### ASSIGNMENT
Nothing but the images is to be left out of your exact copy of the entries.

%%

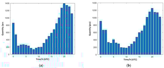 Time-dependent distribution of the number of meteors: (a) on 21 January 2024; (b) on 22 January 2024.
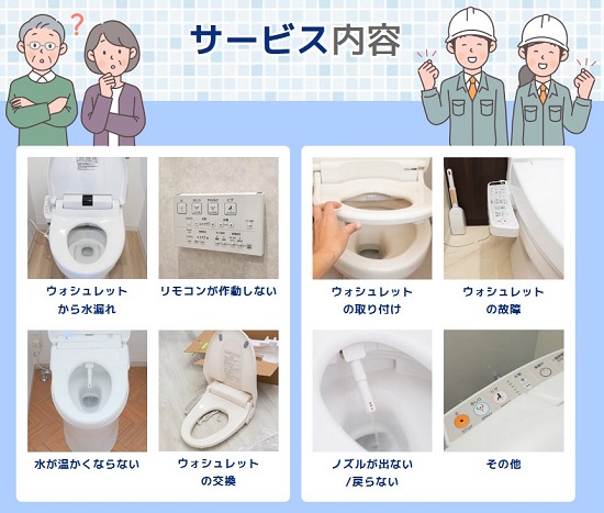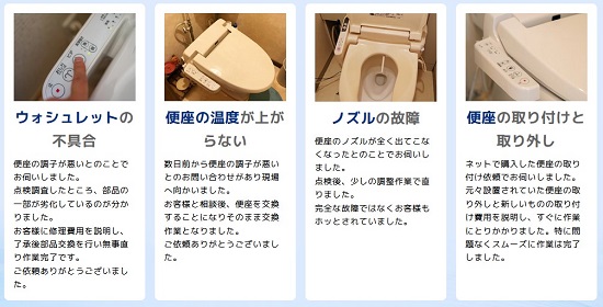 土浦市で対応可能な温水便座、ウォシュレットの修理サービスとなります。その他のトラブルやご相談に関しましてはお気軽に受付窓口までお問い合わせください。
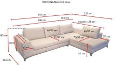 Coltar extensibil BOLOGNA cu lada pentru depozitare, personalizabil 314x211cm
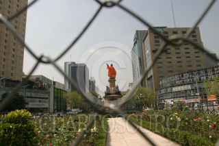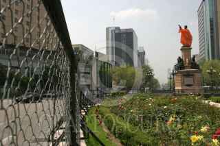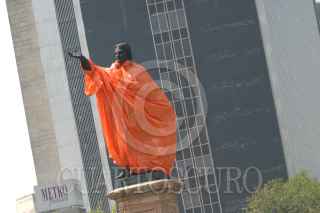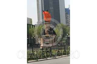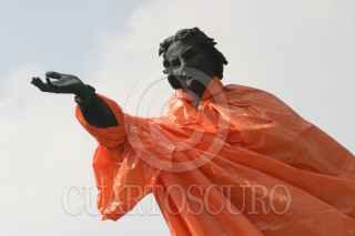 MEXICO,D.F.12OCTUBRE2007.- La estatua de Cristobal Colón ubicada sobre Paseo de la Reforma amaneció esta mañana cubierta con un impermeable naranja para protejerla de posibles agresiones durante la marcha que se realizara hoy por el Día de la Raza. FOTO:ROCIO ORTIZ/CUARTOSCURO.COM
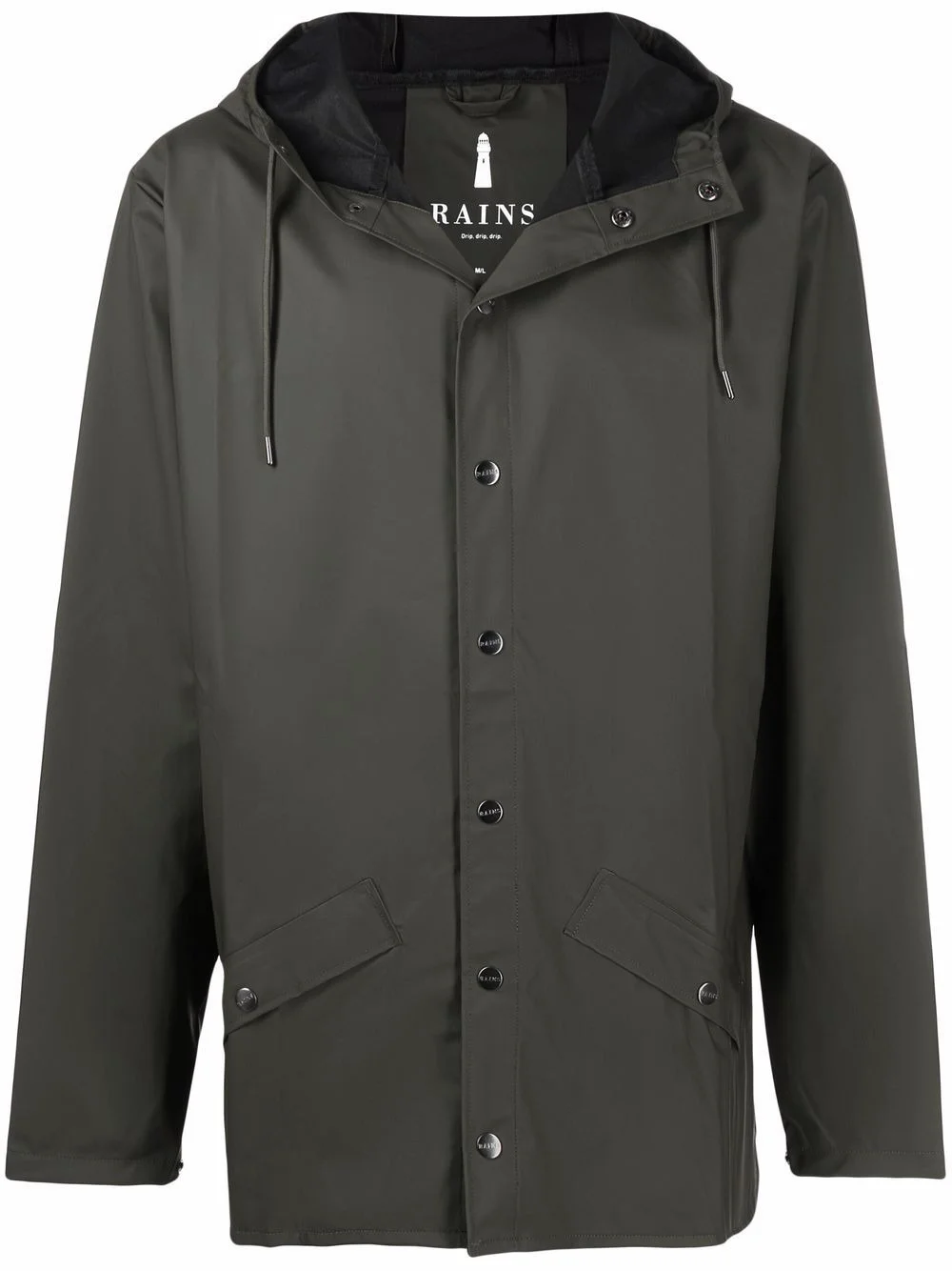long-sleeve hooded rain jacket green drawstring hood front button fastening two front flap pockets long sleeves straight hem Imported Composition Polyester 64%, Polyurethane 36% SIZE & FIT Model measurements Height 5 ft 9 in(1.74 m) Bust/Chest 31.49 in(80 cm) Hips 35.82 in(91 cm) Waist 24.01 in(61 cm) FittingInformation This piece fits true to size. We recommend you get your regular size Cut for a loose fit Made with a mid-weight non-stretch fabric Washing instructions Machine Wash
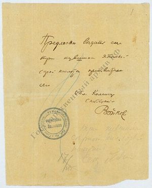 Записка коменданта дома Ипатьева Я.М. Юровского о расстреле царской семьи и о попытках спрятать трупы (с пометами, сделанными М.Н. Покровским По «Записке Юровского» сейчас проводится новая комплексная экспертиза, в том числе почерковедческая и автороведческая
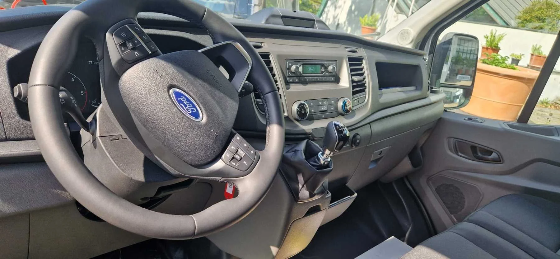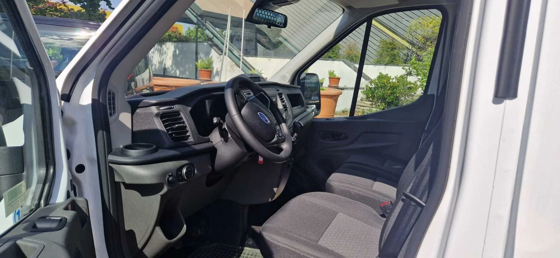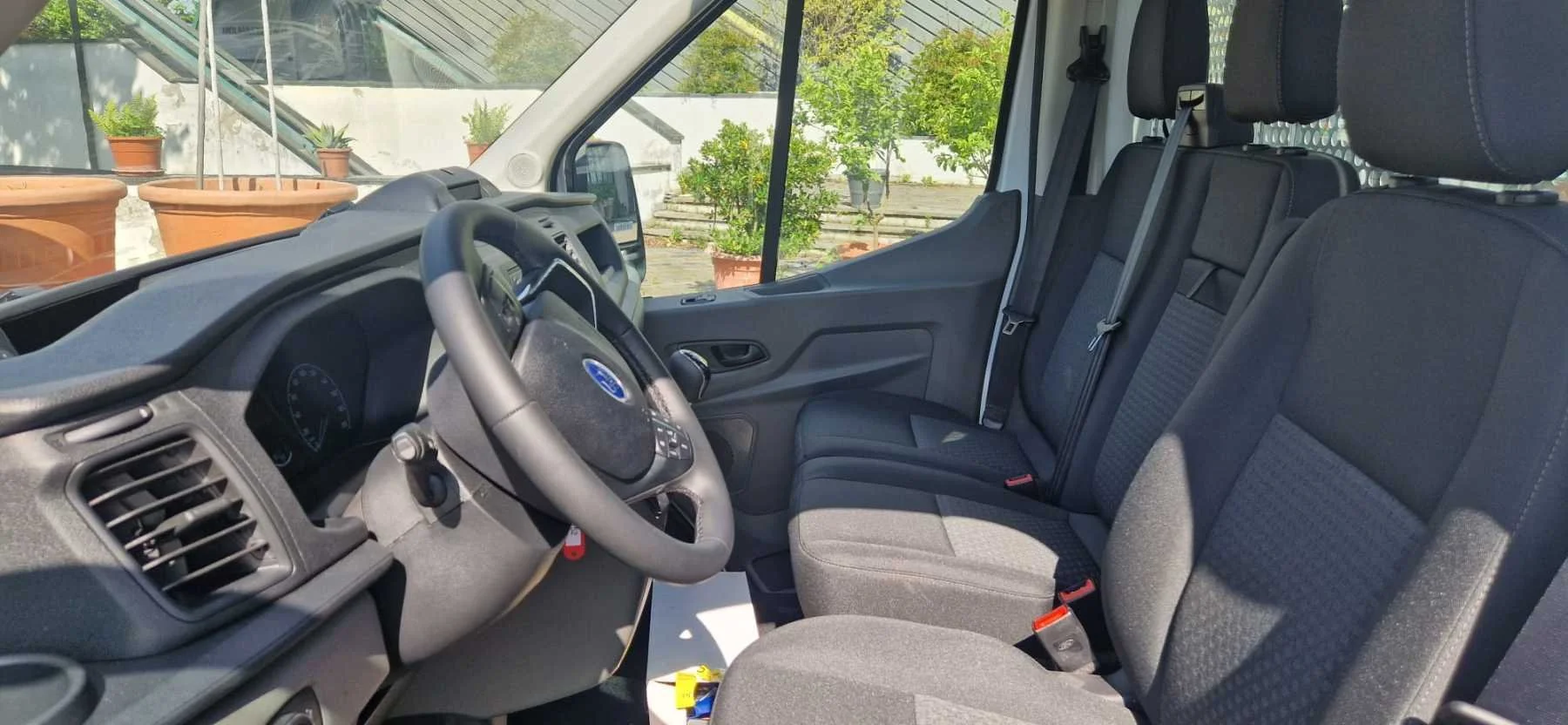 Interno di un furgone con sedili neri e cruscotto visibile. Il volante è sulla sinistra e ci sono finestre laterali con visuale di piante all'esterno.
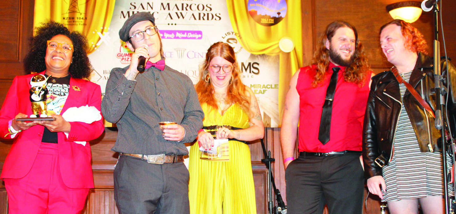 Best New Artist went to Loose Screws and Rusty Hearts as well as Best Country. Best Artist went to Our Last Daze as well as Best Rock and Best Live Performance. Best Singer/Songwriter went to Jack Henry. Best Classical went to the San Marcos High School Jazz Band, which was accepted by the Band Director Hector Ramirez. Best Blues went to Rock Bottom String Band. Best Funk went to Funkatron. Best Reggae went to Sugar Waves. Best Hip Hop went to Chief and TheDoomsDayDevice as well as Best DJ. Chief won a third award along with Kinder for Best Album for their collaboration on “Small Bites.” Best R&B went to The Hot Pipes. Best Latin went to Los Gatos 512. Best Pop went to The Trips as well as Best Single. Best Vocalist went to Will Riley. Best Producer went to David Beck. Best Promoter went to Listen San Marcos. Best Radio Personality went to KZSMs own Rob Roark, aka “The Wiz,” who had this to say about the station, “that’s what we build through our team — community.” Best Live Music Venue went to Tantra.
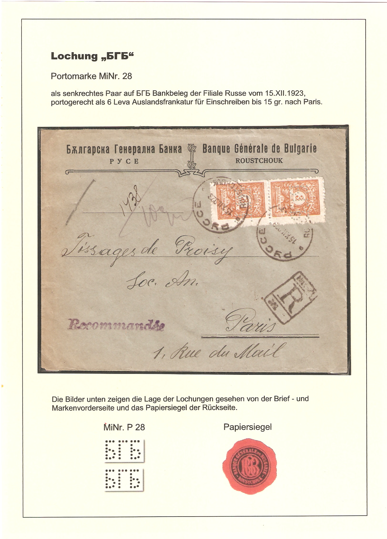 heute möchte ich euch die Portomarke MiNr. 28 mit der Lochung "БГБ" auf Beleg vorstellen.
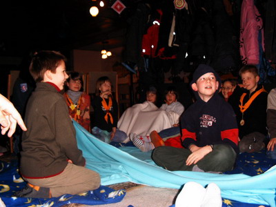 Hier ging es dann auch zur Sache, denn das Team rund um die neuen LB Wölflinge Susi und Nicole ließen sich so einiges einfallen um die abenteuerlustigen Wölflinge vom Stamm Falken vom Greifenstein aus Bad Blankenburg, vom Stamm Columbus aus Jena, vom Stamm Drei Gleichen aus Neudietendorf und vom Stamm Bonifatius des Pfadfinderbundes Weltenbummler aus Georgenthal zu begeistern. Neben jeder Menge Winteraktivitäten, wie Rodeln, einer Schneeballschlacht oder einem Schnee-Nacht.Versteckspiel, sollten auch die Kreativen Adern der jüngsten Stufe im Bund angesprochen werden. Und so wurden Spiele aus eigener Erfindung in vielen Farben gezimmert. Natürlich durften auch viele Spiele und Geschichten aus dem Dschungelbuch oder von Alfons Zitterbacke, erzählt in der Kuschelecke, nicht fehlen. Hinzu kam noch ein kleines Geländespiel, bei dem es darum ging, so viele verschiedene Karten wie möglich zu unterschreiben, die überall rund um das Gebäude und im Wald verteilt waren. Als Sieger ging hier Felix vom Stamm Drei Gleichen hervor. Aber auch die Ideen der Morgenrunden blieben dem einen oder anderen etwas länger in Erinnerung. Bei soviel Aktionen stellte sich natürlich auch Hunger ein, gegen den das Küchenteam der Bad Blankenburger gute Rezepte hatte. Insbesondere der HOT DOG am letzten Tag ließ den Schmerz über den Abschluß des viel zu kurzen Wochenendes vertrösten.

%%

### RESULT
 Time-dependent distribution of the number of meteors: (a) on 21 January 2024; (b) on 22 January 2024.
 土浦市で対応可能な温水便座、ウォシュレットの修理サービスとなります。その他のトラブルやご相談に関しましてはお気軽に受付窓口までお問い合わせください。
 Coltar extensibil BOLOGNA cu lada pentru depozitare, personalizabil 314x211cm
 MEXICO,D.F.12OCTUBRE2007.- La estatua de Cristobal Colón ubicada sobre Paseo de la Reforma amaneció esta mañana cubierta con un impermeable naranja para protejerla de posibles agresiones durante la marcha que se realizara hoy por el Día de la Raza. FOTO:ROCIO ORTIZ/CUARTOSCURO.COM
long-sleeve hooded rain jacket green drawstring hood front button fastening two front flap pockets long sleeves straight hem Imported Composition Polyester 64%, Polyurethane 36% SIZE & FIT Model measurements Height 5 ft 9 in(1.74 m) Bust/Chest 31.49 in(80 cm) Hips 35.82 in(91 cm) Waist 24.01 in(61 cm) FittingInformation This piece fits true to size. We recommend you get your regular size Cut for a loose fit Made with a mid-weight non-stretch fabric Washing instructions Machine Wash
 Записка коменданта дома Ипатьева Я.М. Юровского о расстреле царской семьи и о попытках спрятать трупы (с пометами, сделанными М.Н. Покровским По «Записке Юровского» сейчас проводится новая комплексная экспертиза, в том числе почерковедческая и автороведческая
 Interno di un furgone con sedili neri e cruscotto visibile. Il volante è sulla sinistra e ci sono finestre laterali con visuale di piante all'esterno.
 Best New Artist went to Loose Screws and Rusty Hearts as well as Best Country. Best Artist went to Our Last Daze as well as Best Rock and Best Live Performance. Best Singer/Songwriter went to Jack Henry. Best Classical went to the San Marcos High School Jazz Band, which was accepted by the Band Director Hector Ramirez. Best Blues went to Rock Bottom String Band. Best Funk went to Funkatron. Best Reggae went to Sugar Waves. Best Hip Hop went to Chief and TheDoomsDayDevice as well as Best DJ. Chief won a third award along with Kinder for Best Album for their collaboration on “Small Bites.” Best R&B went to The Hot Pipes. Best Latin went to Los Gatos 512. Best Pop went to The Trips as well as Best Single. Best Vocalist went to Will Riley. Best Producer went to David Beck. Best Promoter went to Listen San Marcos. Best Radio Personality went to KZSMs own Rob Roark, aka “The Wiz,” who had this to say about the station, “that’s what we build through our team — community.” Best Live Music Venue went to Tantra.
 heute möchte ich euch die Portomarke MiNr. 28 mit der Lochung "БГБ" auf Beleg vorstellen.
 Hier ging es dann auch zur Sache, denn das Team rund um die neuen LB Wölflinge Susi und Nicole ließen sich so einiges einfallen um die abenteuerlustigen Wölflinge vom Stamm Falken vom Greifenstein aus Bad Blankenburg, vom Stamm Columbus aus Jena, vom Stamm Drei Gleichen aus Neudietendorf und vom Stamm Bonifatius des Pfadfinderbundes Weltenbummler aus Georgenthal zu begeistern. Neben jeder Menge Winteraktivitäten, wie Rodeln, einer Schneeballschlacht oder einem Schnee-Nacht.Versteckspiel, sollten auch die Kreativen Adern der jüngsten Stufe im Bund angesprochen werden. Und so wurden Spiele aus eigener Erfindung in vielen Farben gezimmert. Natürlich durften auch viele Spiele und Geschichten aus dem Dschungelbuch oder von Alfons Zitterbacke, erzählt in der Kuschelecke, nicht fehlen. Hinzu kam noch ein kleines Geländespiel, bei dem es darum ging, so viele verschiedene Karten wie möglich zu unterschreiben, die überall rund um das Gebäude und im Wald verteilt waren. Als Sieger ging hier Felix vom Stamm Drei Gleichen hervor. Aber auch die Ideen der Morgenrunden blieben dem einen oder anderen etwas länger in Erinnerung. Bei soviel Aktionen stellte sich natürlich auch Hunger ein, gegen den das Küchenteam der Bad Blankenburger gute Rezepte hatte. Insbesondere der HOT DOG am letzten Tag ließ den Schmerz über den Abschluß des viel zu kurzen Wochenendes vertrösten.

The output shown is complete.